Acquisitions of popular apps is better than writing and launching a new product that may or may not be liked by users. That is what Microsoft is doing exactly. While it has its own calendar services, it seems the company is not satisfied with own app as most people prefer to use apps like Sunrise and even Google Calendar that sends out an SMS as reminder and syncs better than Outlook calendar.
Continuing in its series of acquisitions of products for the most betted operating system, the Windows 10, Microsoft has now planned to acquire Sunrise, a calendar that provides multiple platform support. The deal is said to have finalized at around 100 million Dollars according to Tech Crunch. Sunrise runs on iPhone, iPad, Android, and on Mac. It also has a desktop version. It syncs the tasks, appointments etc so you are good on whatever device you are using.
The current version of Microsoft Calendar, though can be imported to Outlook, it does not sync task lists. Instead of adding this and many other functions that users have been demanding for years (two years since Outlook Calendar was relaunched), Microsoft is making a deal with Sunrise so that it can integrate the latter into its OneDrive as well as Outlook app. The deal will make the Outlook mobile app a must have on all phones – especially for office executives. It won’t matter if they are using the app on their iPad, Windows Phone or on Windows 10 desktop.

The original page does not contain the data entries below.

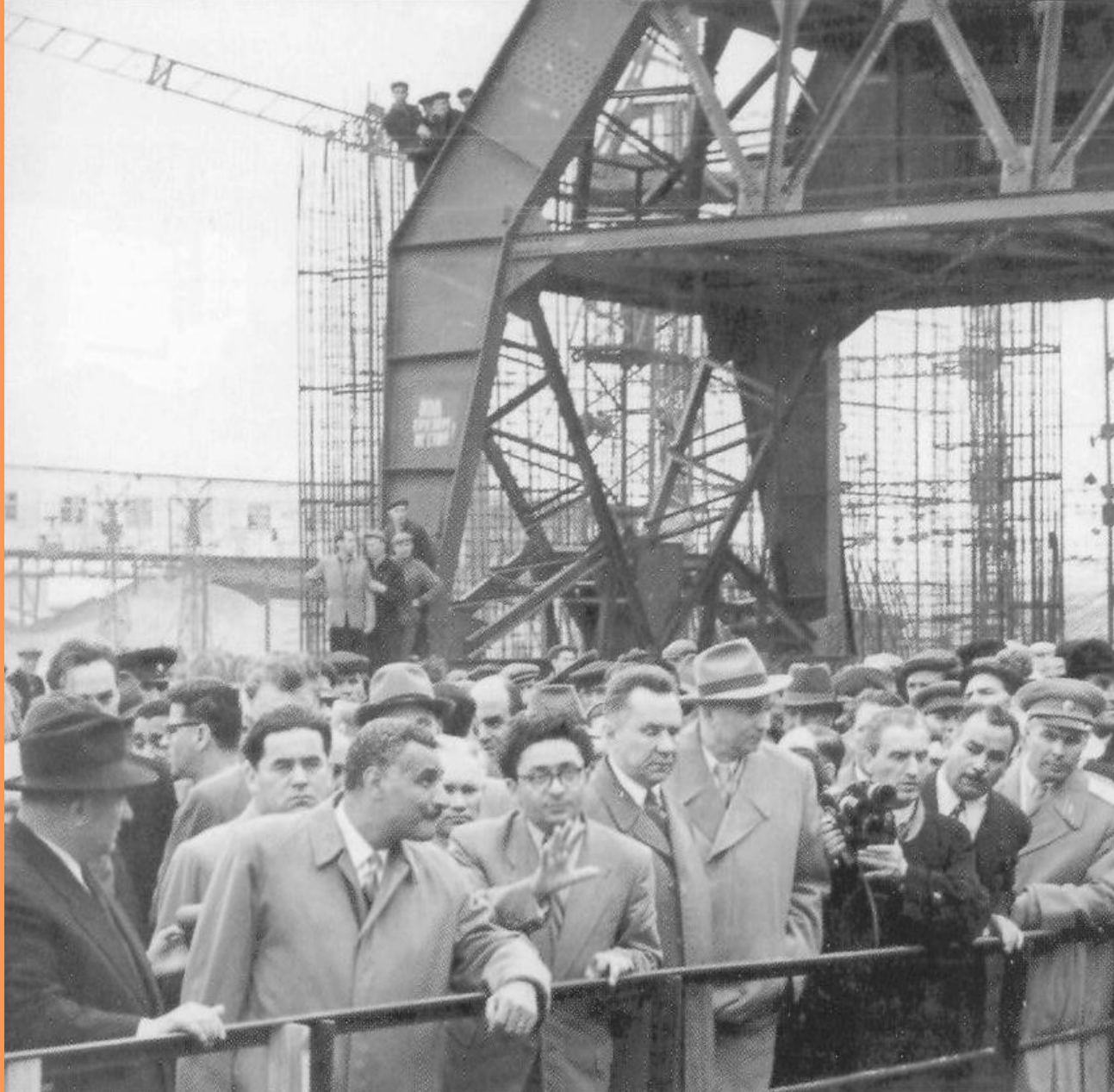
Президент Египта Насер на бетоновозной эстакаде. Правее его, за переводчиком – А. Н. Косыгин
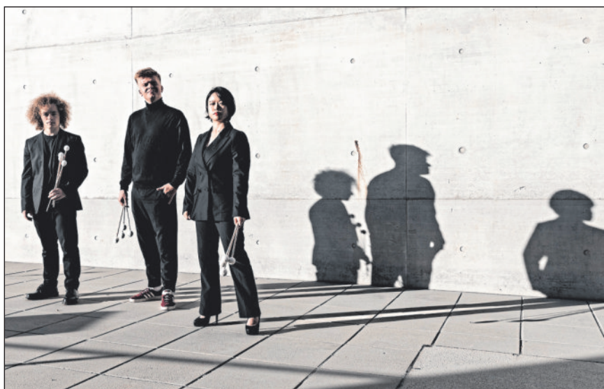
Gang Ta Trio.
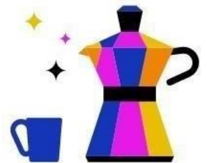
Kantine & Café- Bar
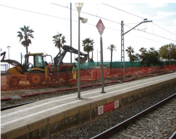
Primers treballs de la remodelació de l'estació de RENFE. Desembre 2010
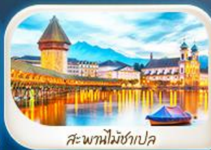
สะพานไมซ์าเปค
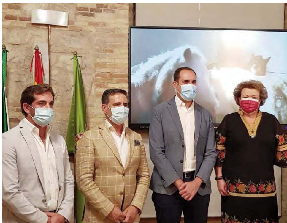
Presentación del I Salón Anual del Caballo Ciudad de Arjona.

Una cita pionera en el municipio que abarcará del 17 al 19 de septiembre, en coincidencia con la tradicional Feria
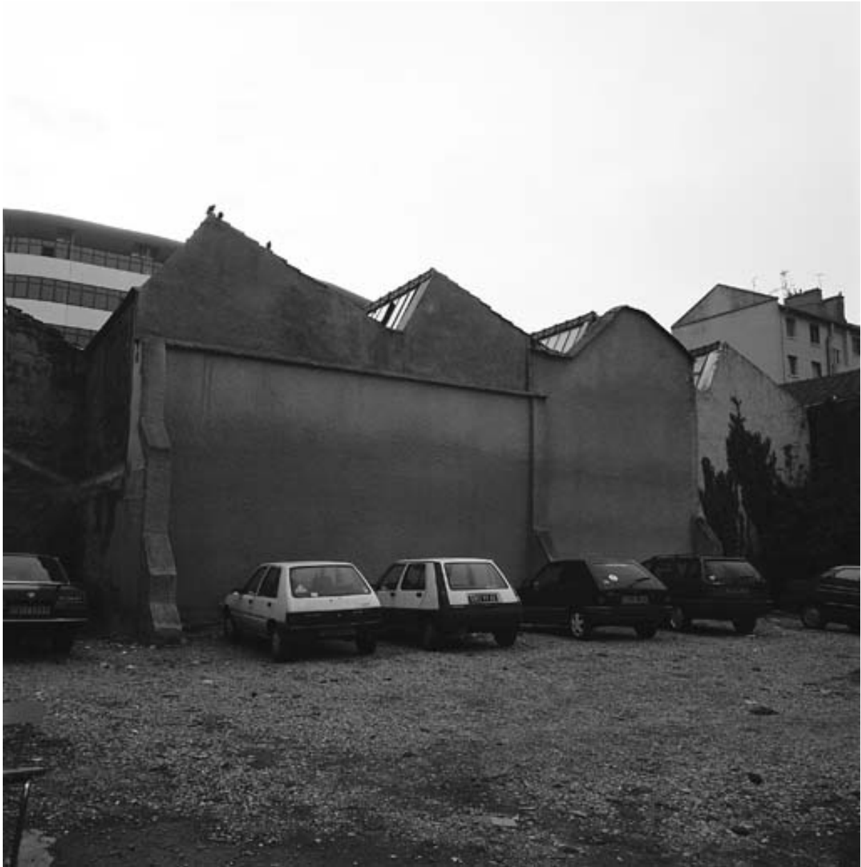
Ateliers vue de la cour

Sunrise users are agitated as they have concerns over whether Microsoft will continue multi-platform support or make it Windows only. Note that Sunrise already has a good base and hence the cost Microsoft has offered to the makers of Sunrise calendar app.
The acquisition of Sunrise, soon after acquisition of Acompli that was turned into mobile Outlook, and the fact that Microsoft Office with touch functionality is first available for iOS instead of Windows platform, makes it clear that Microsoft wants Microsoft Office suite on all mobile devices, irrespective of the platforms. That will increase Microsoft’s share in mobile market, as the Windows Marketplace has been dull so far.